Data shown section start

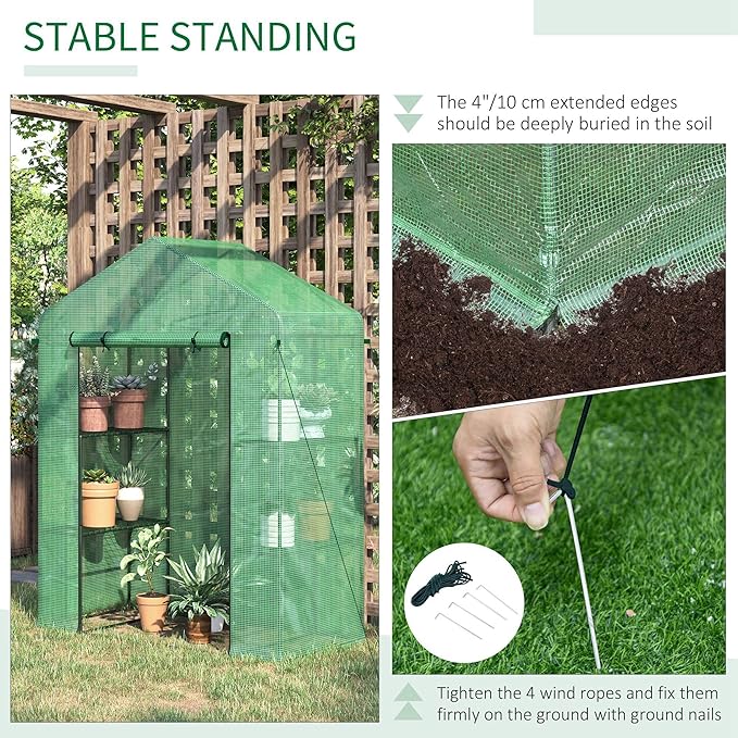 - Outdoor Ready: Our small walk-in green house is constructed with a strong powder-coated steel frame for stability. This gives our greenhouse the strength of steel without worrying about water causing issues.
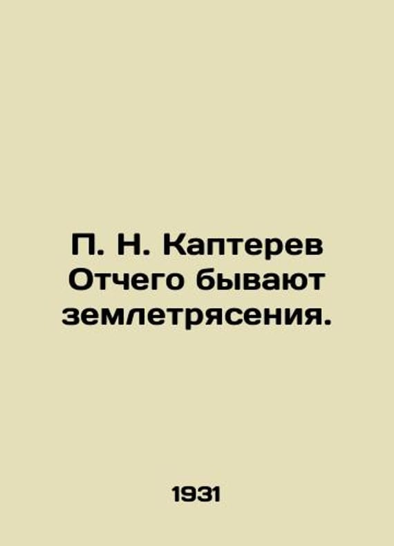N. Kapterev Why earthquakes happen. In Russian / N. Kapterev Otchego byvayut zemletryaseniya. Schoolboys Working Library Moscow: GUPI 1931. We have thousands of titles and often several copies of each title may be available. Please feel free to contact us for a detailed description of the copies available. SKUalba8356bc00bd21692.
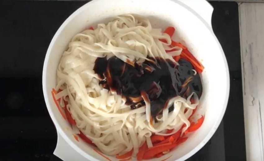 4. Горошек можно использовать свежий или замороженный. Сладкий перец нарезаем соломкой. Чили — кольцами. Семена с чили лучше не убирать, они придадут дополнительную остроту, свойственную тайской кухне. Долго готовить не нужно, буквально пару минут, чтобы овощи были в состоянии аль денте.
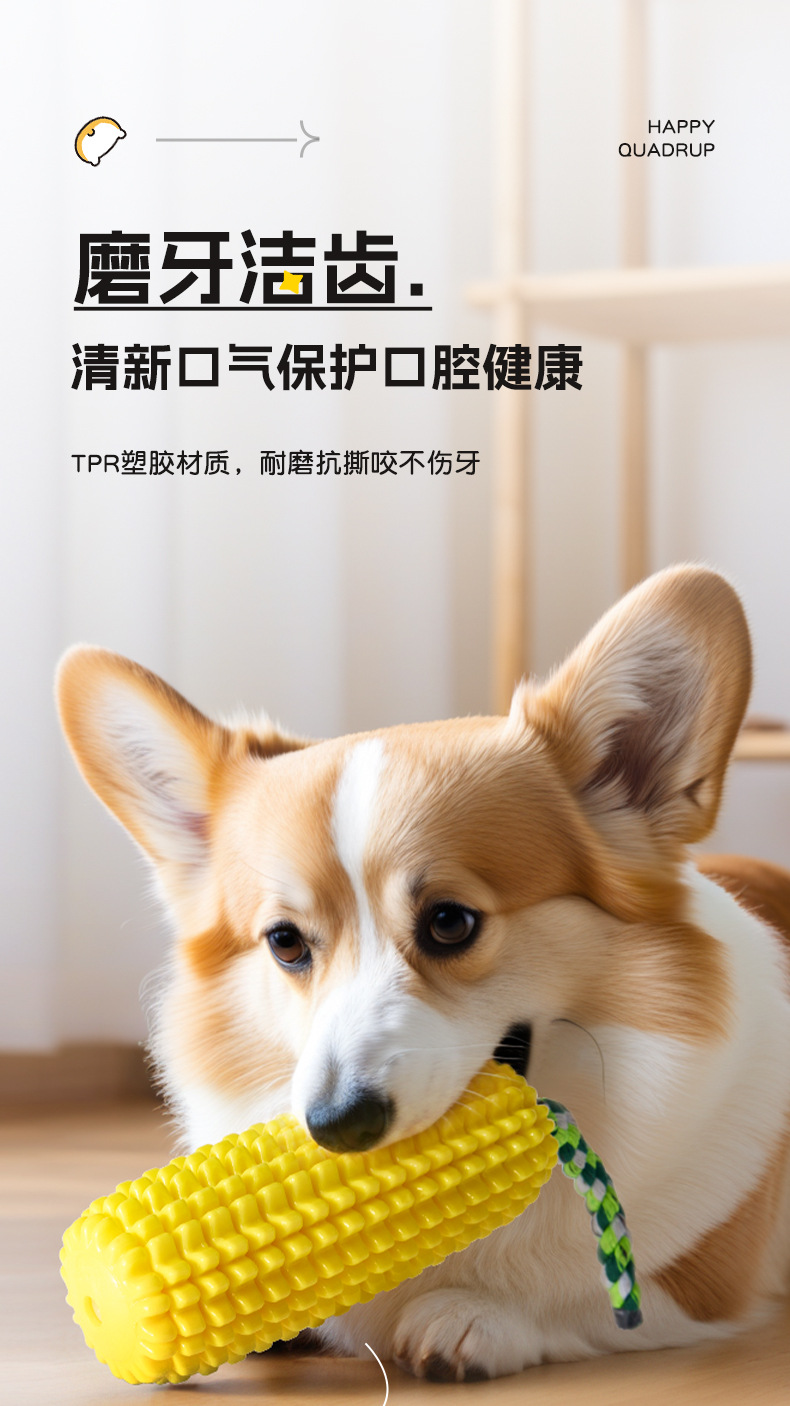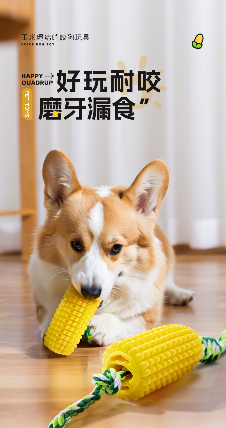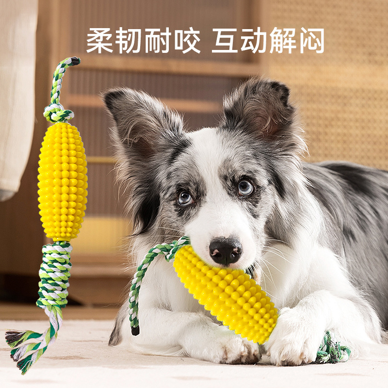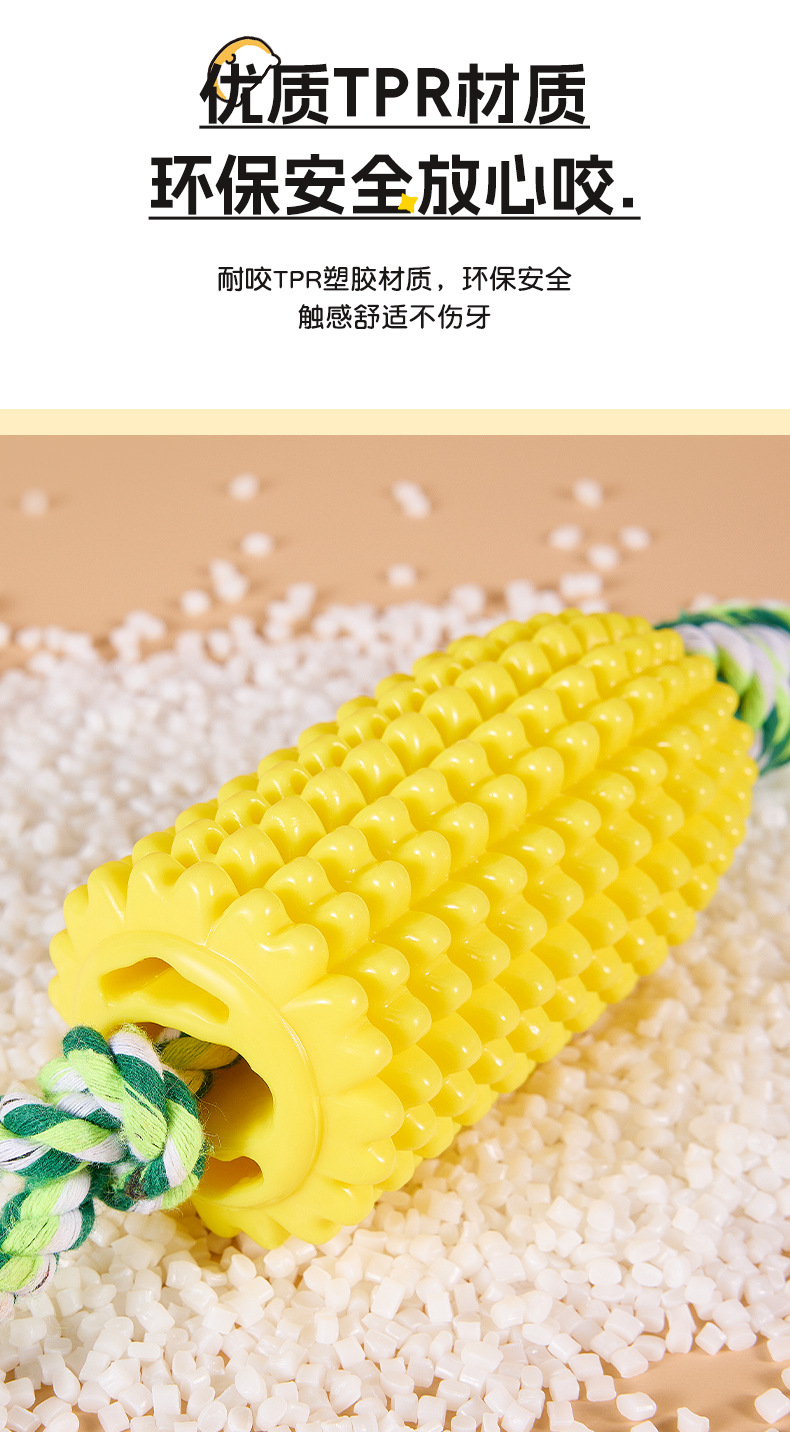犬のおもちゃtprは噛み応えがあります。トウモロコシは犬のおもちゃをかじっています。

Data shown section end

• Task prompt: Take the lines from the one holding "N. Kapterev Why" through the final line of the listing above and copy them exactly, both ends included, with no pictures.

• Task response:
N. Kapterev Why earthquakes happen. In Russian / N. Kapterev Otchego byvayut zemletryaseniya. Schoolboys Working Library Moscow: GUPI 1931. We have thousands of titles and often several copies of each title may be available. Please feel free to contact us for a detailed description of the copies available. SKUalba8356bc00bd21692.
 4. Горошек можно использовать свежий или замороженный. Сладкий перец нарезаем соломкой. Чили — кольцами. Семена с чили лучше не убирать, они придадут дополнительную остроту, свойственную тайской кухне. Долго готовить не нужно, буквально пару минут, чтобы овощи были в состоянии аль денте.
犬のおもちゃtprは噛み応えがあります。トウモロコシは犬のおもちゃをかじっています。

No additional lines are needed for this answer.